Возы, нагруженные холстами, обувью и одеждой, утварью и ветошью, отправили с мальчишкой и десятскими в город; начальники, ежась от холода и потирая руки, полезли к старосте в горницу, сотский побежал за водкой, понятой -- к попадье за мочеными яблоками.
Пока они в тепле кушали, мужики терпеливо ждали у крыльца. Старостина дочь, Палагуша, и сама старостиха то и дело бегали из погреба в кладовую, из кладовой в избу, торопливо неся миски с огурцами, кислую капусту, хрен, ветчину и кринки молока, а мужики завистливо смотрели им в руки и шептались:
-- Эко, братцы, жрать-то охочи!..
-- Еще бы... привыкли, чтоб послаще, побольше... господа называются...
Потом, стоя в дверях, начальники курили и отрыгивались, а осташковцы, кто ближе, толпились без шапок.

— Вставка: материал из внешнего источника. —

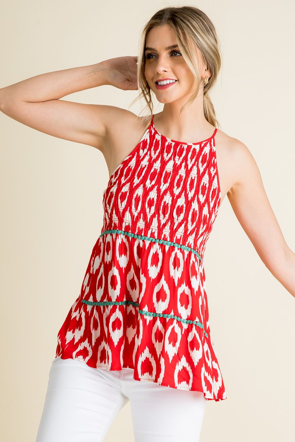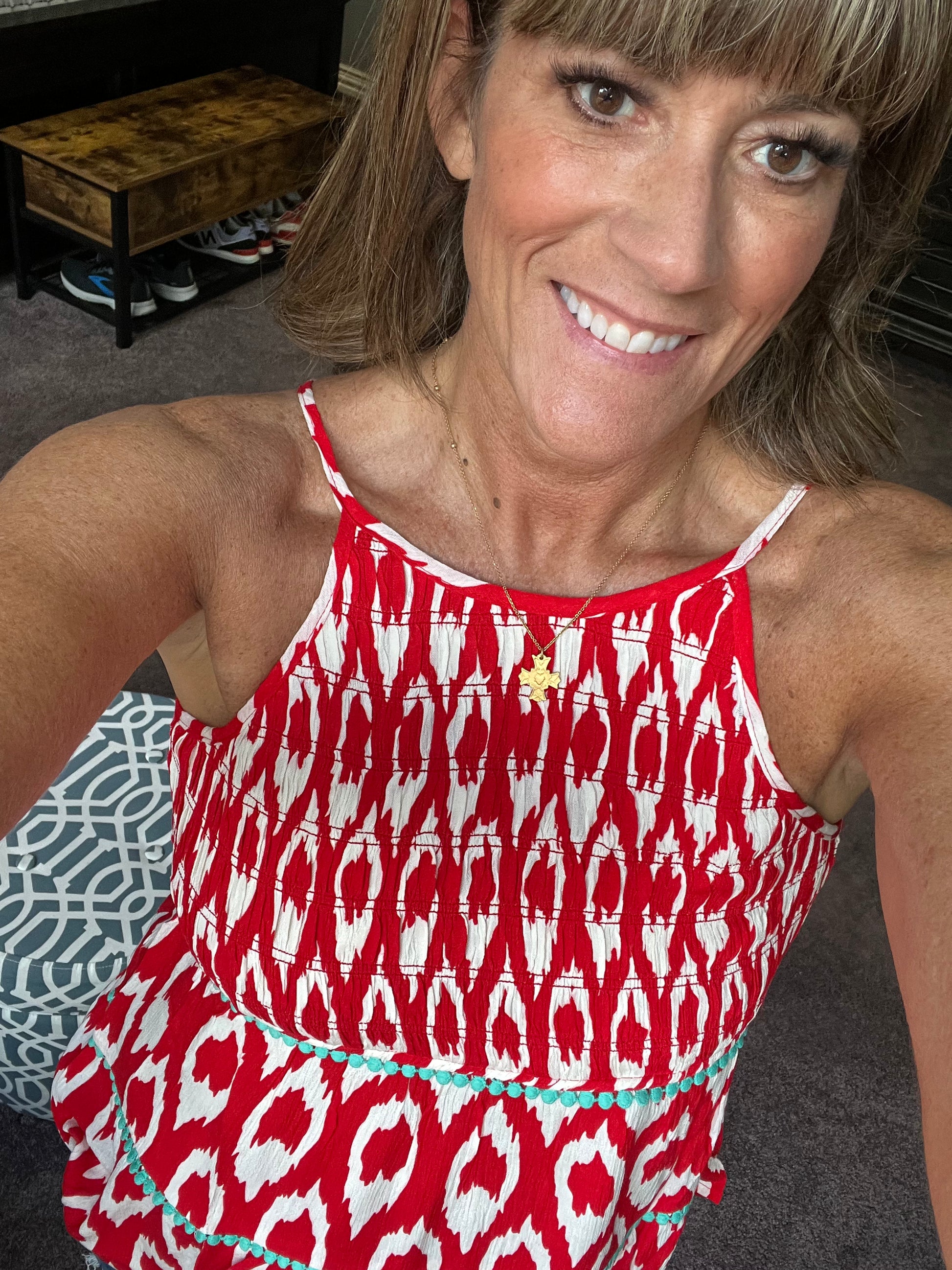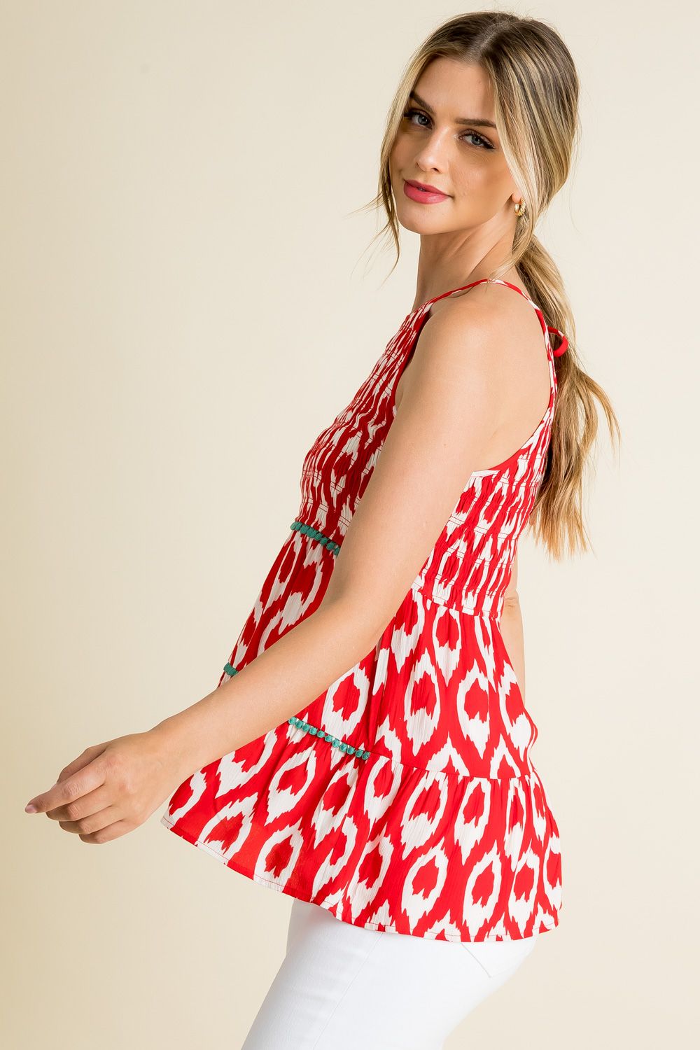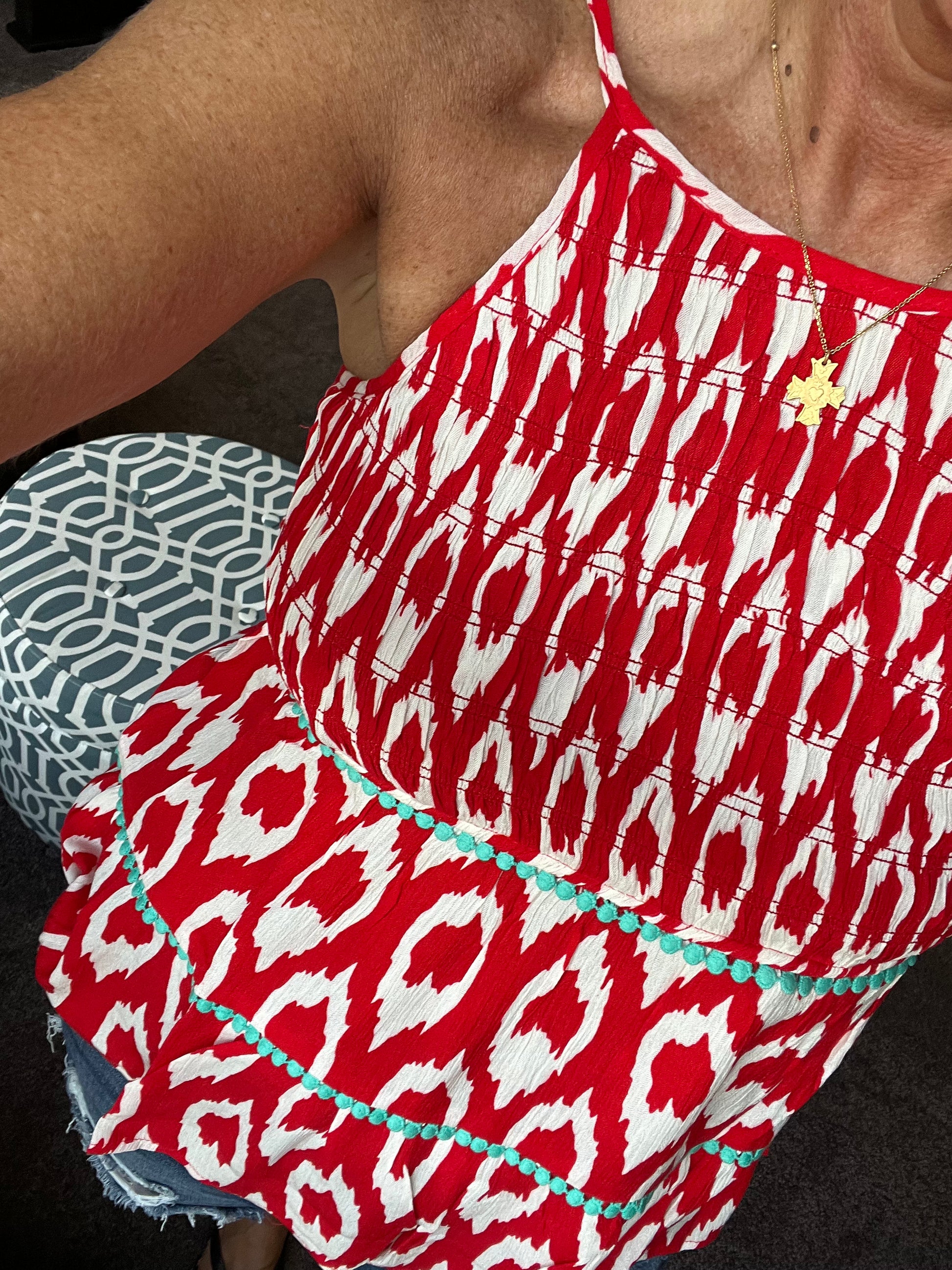 Ahhh!!! This top just screams “vacation”! Red and cream print with turquoise trim makes this one unique and stand out from the crowd! Tie neck back and stretchy bust area. You will pull this one out of your closet time and time again!

Напившись чаю с кренделями, опять приступили к описи и распродаже. Отдохнувшие бабы снова завыли; опять пристав кричал и топал ногами, а мужики барахтались в снегу.
Дошла очередь до нас, а у нас продать нечего.
-- Беднота несусветная, ваше благородие, -- говорит староста, сдергивая шапку. -- Ничего у них нету... Один только близир, а не крестьяне, верно говорю!..
Понятые смотрят на отца, который посинел.
-- Не робей, Лаврентьев, -- тихо говорит отцу Фарносый. -- Упади на коленки: зарежьте, мол, а денег ни гроша... Он отходчивый... Покричит-покричит, а посля -- помилует... Ну, может быть, ударит раз или два, стерпи...
Главная задача -- голод, мол, проели все... Ишь, шубенка-то у тебя, хуже бороны...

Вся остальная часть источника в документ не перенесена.